After a brief hiatus from the ongoing currency wars, China fired another salvo at The Fed tonight by devaluing the Yuan fix to 6.5693 – its weakest against the USD since March 2011. After eight days higher in a row for The USD Index, it seems PBOC has turned its currency liberalization plan off, stabilizing the broad Renminbi basket (which has been steadily devalued) and turning its attention to devaluing against the USD. Having unleashed turmoil in August (pre-Sept FOMC) and January (post Dec rate-hike), it appears the rising rate-hike probabilities jawboned by The Fed are decidedly disagreeable to “authoritative persons” in China.


The Yuan Fix was driven down to March 2011 lows…


“It could be because the authorities want to alleviate some of the depreciation pressure before the Fed interest rate decision in June,” said Christy Tan, head of markets strategy at National Australia Bank Ltd. in Hong Kong. “If there are signs of panic dollar buying, the PBOC will step in.”

As it seems maintaining some ‘stability’ against the USD has lost its appeal as the USD surges once again…


What the chart above shows is that the Chinese currency (red) has been devaluing in an orderly and quiet manner for much of the year while maintaining the appearance of stability against the USD (blue). That appears to have changed now and the last time turmoil started to ripple through the CNHUSD markets – it didn’t stop until Tom Cook lied to Jim Cramer and The PPT rescued the world.

The irony of the apparent stability in the broad-based Renminbi basket (while devaluing against the USD) is that it comes after a desperate China has reportedly given up on its liberalization goals. As The Wall Street Journal notes,

Behind closed doors in March, some of China’s most prominent economists and bankers bluntly asked the People’s Bank of China to stop fighting the financial markets and let the value of the nation’s currency fall.


They got nowhere. “The primary task is to maintain stability,” said one central-bank official, according to previously undisclosed minutes of the meeting reviewed by The Wall Street Journal.


The meeting left little doubt China’s top leaders have lost interest in a major policy shift announced in a surprise move just nine months ago. In August 2015, the PBOC said it would make the yuan’s value more market-based, an important step in liberalizing the world’s second-largest economy.

In reality, though, the yuan’s daily exchange rate is now back under tight government control, according to meeting minutes that detail private deliberations and interviews with Chinese officials and advisers who spoke with The Wall Street Journal about the country’s currency policy.

On Jan. 4, the central bank behind closed doors ditched the market-based mechanism, according to people close to the PBOC. The central bank hasn’t announced the reversal, but officials have essentially returned to the old way of adjusting the yuan’s daily value higher or lower based on whatever suits Beijing best.

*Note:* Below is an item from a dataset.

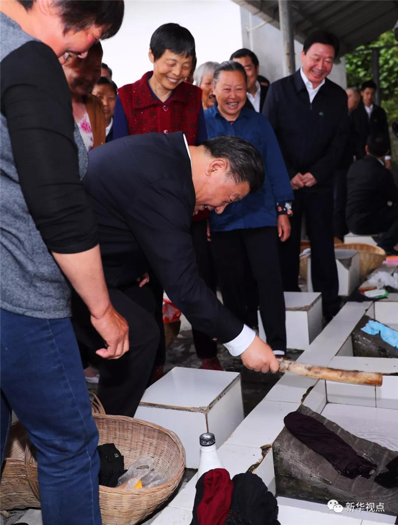 2018年4月24日下午,正在湖北宜昌調(diào)研考察的習近平總書記來到緊鄰三峽大壩的太平溪鎮(zhèn)許家沖村。正在村里洗衣服的幾位村民告訴總書記,過去是在江邊洗衣服,現(xiàn)在村里建起了便民洗衣池,污水集中處理,非常環(huán)保。總書記接過洗衣用的棒槌,俯下身試著捶打了幾下衣服。習近平表示,看見大家日子過得好,我高興!

The flip-flop is a sign of policy makers’ deepening wariness about how much money is fleeing China, a problem driven by its slowing economy. For now, at least, officials believe the benefits of freeing the yuan are outnumbered by the number of threats… though we note that a 3% depreciation of the yuan could add $25.6 billion to Chinese companies’ annual interest payments on dollar debts, according to estimates by analysts at BNP Paribas.

So the question is – will the Yuan turmoil ripple through markets enough to spook The Fed once more and dissolve what little credibility they have left or will Janet and her henchmen stand up to the foreign forces, hike rates to spit their own face, and deal with the aftermath through some more Citadel-driven VIXtermination? With VIX futures near record shorts and S&P futures at their longest in almost 2 years – there’s not much easy leveraged money to squeeze there – like there was in August.